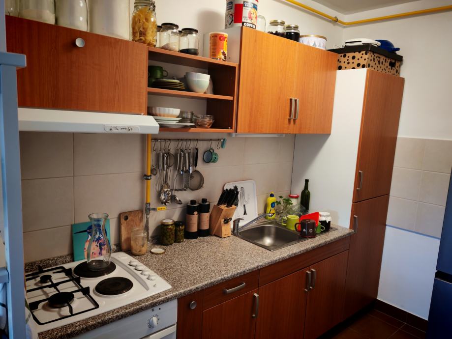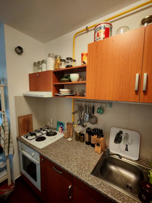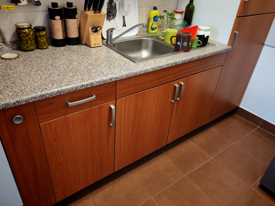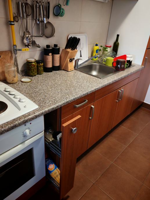 Kuhinja korištena, ali jako dobro očuvana, dužine 280 cm, prodaje se s kuhinjskim elementima, sve vidljivo na slici. Gornji i donji kuhinjski elementi, pećnica s gornjom pločom (2+2), napa, sudoper i špina
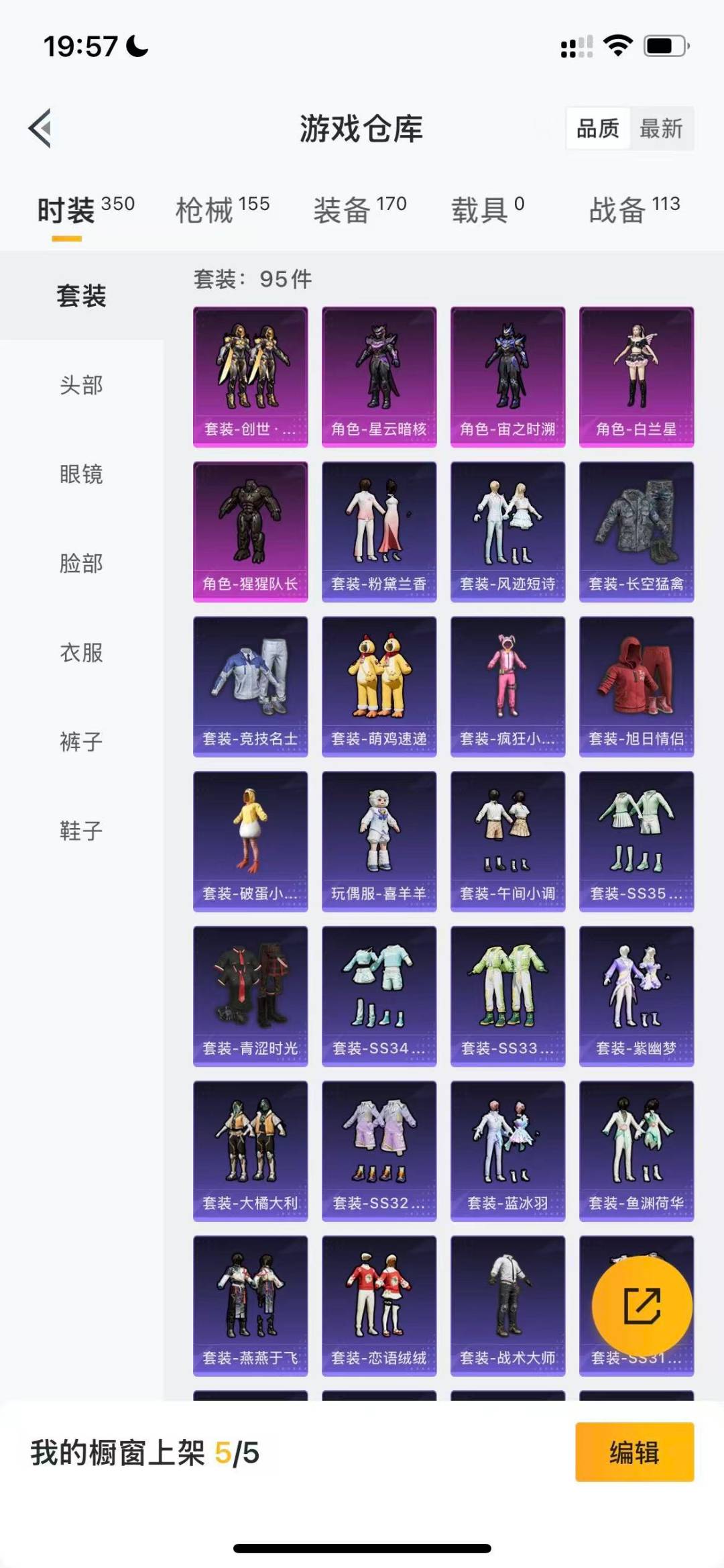 0载具-95套装-137呛皮-5粉装 6特效呛 7印记 可二次 可修改实名 【热门装扮】:猩猩队长白兰星宙之时溯星云暗核创世·救赎 【稀有呛皮】:12-雪月幻音kar98k-巳巳如意ump45量子极限dp-28-豹影疾电m416心之恋语scar-l 万古烈焰 【七级特效呛】:七级m416-心之恋语七级m
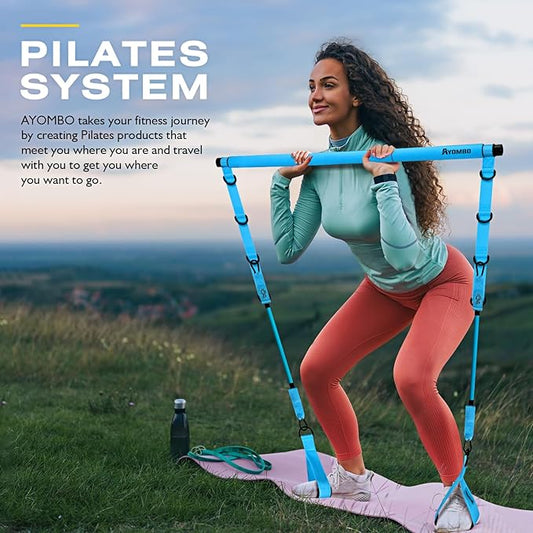 Pilates Bar Kit with Resistance Bands, Pilates Workout Equipment for Legs, Hip, Waist, Arm, Squats Exercise Equipment for Home Workouts, Adjustable 3-Section Pilates Bar Kit for Women & Men
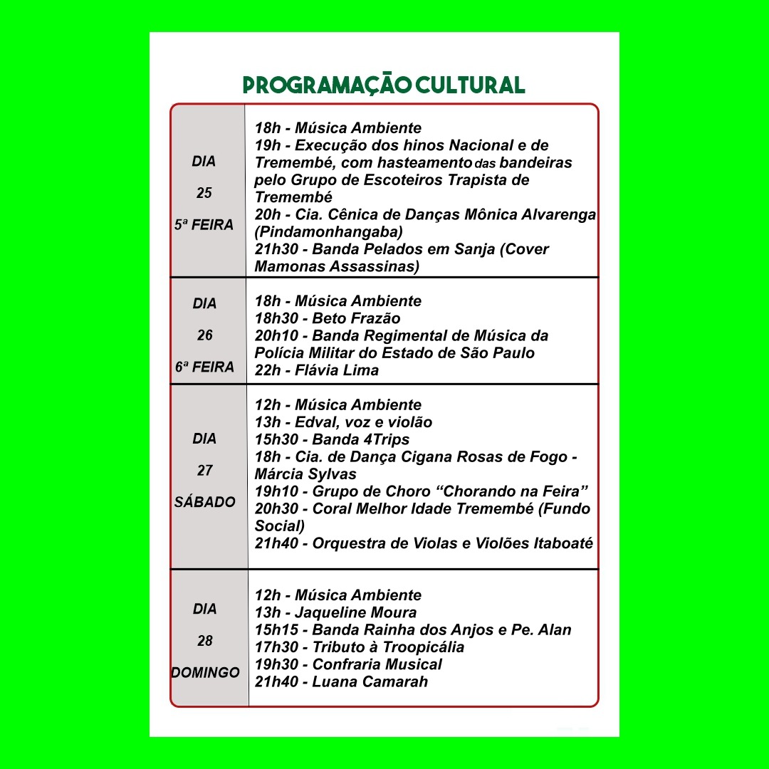 A Banda Regimental da Polícia Militar do Estado de São Paulo, sediada em São José dos Campos, trabalhou seu repertótio bem ao gosto do público, lembrando Alceu Valença, Tim Maia, Roupa Nova, dentre outros. Flávia Lima, excelente cantora faria um show após ao da Banda da PM, cantou duas músicas acompanhadas pelos músicos da PM.
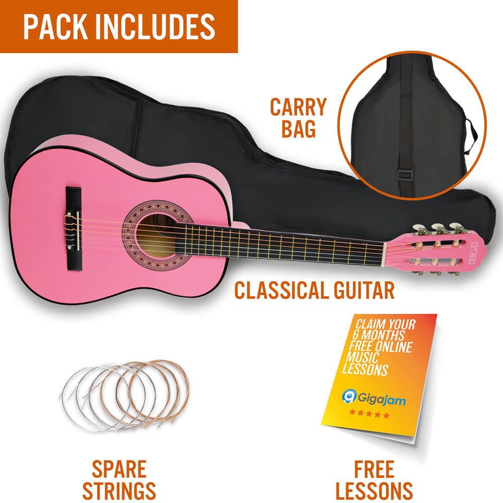 Compose your dreams with the 3rd Avenue Pink Half Size Classical Guitar Set. Coming with some essential accessories and being easy on the fingers, the set is perfect to start your musical journey. The guitar is fitted with nylon strings that have low tension to ensure avoiding any strain on the fingers while learning the basics and progressing. There is a gig bag, which features a back strap to ensure comfortable transport to lessons or school and is also suitable for storage when not in use. A spare set of strings is also included, which combats being stuck without strings in the case of an accident. This model is suitable for ages five to seven years old.
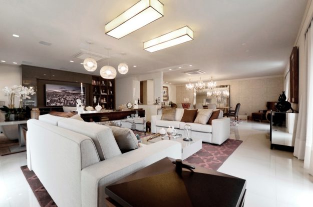 Para um jovem casal o arquiteto Thoni Litsz primou pelo design, cores e a iluminação direcionada ao que realmente merecia destaque. Neste Living multiuso as atividades de estar, jantar e também TV receberam tons neutros que ampliam o espaço e cores apenas em pontos estratégicos. O contraste do cinza com os tons de laranja e…
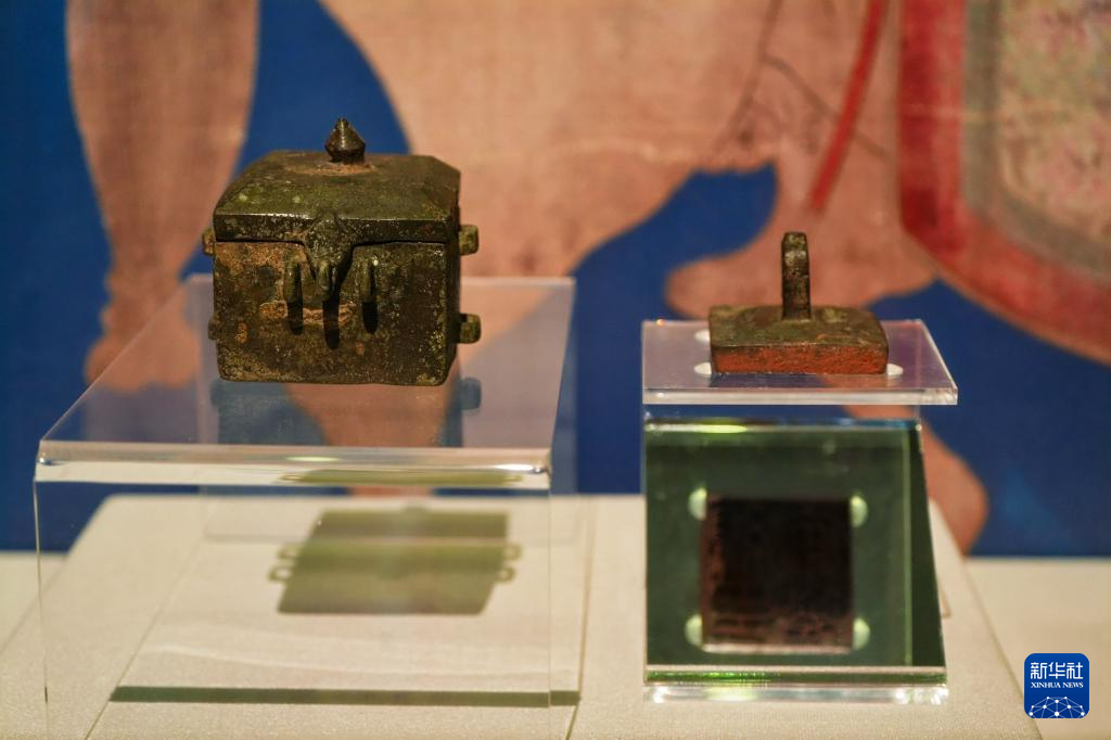 这是浙江绍兴新昌博物馆的“唐诗之路”展览展出的文物(6月18日摄)。
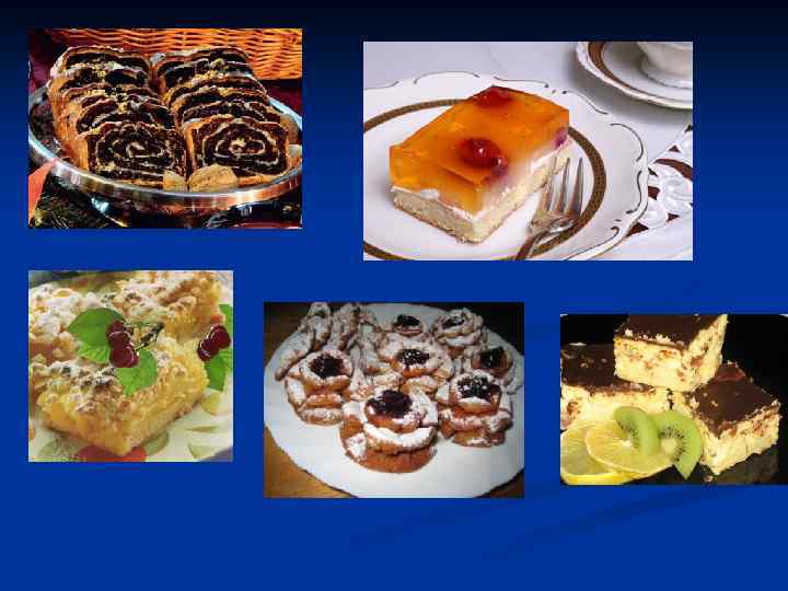 Десерти Поляки закінчують обід десертом, а так як вони відомі ласуни, то тістечка і торти є невід'ємною частиною їх кулінарної культури. Тістечка найчастіше роблять із дріжджового тіста. Sernik - пиріг на базі сиру. Makowiec - пиріг фарширований Відомими десертами Польщі є такі : Galaretka - фруктове желе, подається перемеленим маком. Szarlotka - яблучний пиріг, іноді подається зі збитими вершками або морозивом. зі збитими вершками або з фруктами. Faworki - тонкі і крихкі тістечка посипані цукровою пудрою.
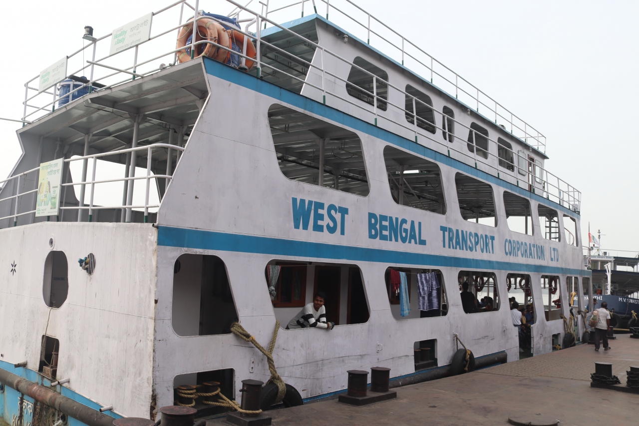 コルカタの町を縦断する大河、フーグリ―川のフェリーです。いくつかの航路がありますが、西側はハウラー駅に発着します。乗船したのは、BBD.BAG駅に近い船乗り場からハウラーに向かう便です。およそ10分ほどの船旅が楽しめました。

## What to do
Your reply should contain only an exact copy of the lines from the beginning of the material through the line with "A Banda Regimental", both ends included, with the pictures removed.

## Response area
 Kuhinja korištena, ali jako dobro očuvana, dužine 280 cm, prodaje se s kuhinjskim elementima, sve vidljivo na slici. Gornji i donji kuhinjski elementi, pećnica s gornjom pločom (2+2), napa, sudoper i špina
 0载具-95套装-137呛皮-5粉装 6特效呛 7印记 可二次 可修改实名 【热门装扮】:猩猩队长白兰星宙之时溯星云暗核创世·救赎 【稀有呛皮】:12-雪月幻音kar98k-巳巳如意ump45量子极限dp-28-豹影疾电m416心之恋语scar-l 万古烈焰 【七级特效呛】:七级m416-心之恋语七级m
 Pilates Bar Kit with Resistance Bands, Pilates Workout Equipment for Legs, Hip, Waist, Arm, Squats Exercise Equipment for Home Workouts, Adjustable 3-Section Pilates Bar Kit for Women & Men
 A Banda Regimental da Polícia Militar do Estado de São Paulo, sediada em São José dos Campos, trabalhou seu repertótio bem ao gosto do público, lembrando Alceu Valença, Tim Maia, Roupa Nova, dentre outros. Flávia Lima, excelente cantora faria um show após ao da Banda da PM, cantou duas músicas acompanhadas pelos músicos da PM.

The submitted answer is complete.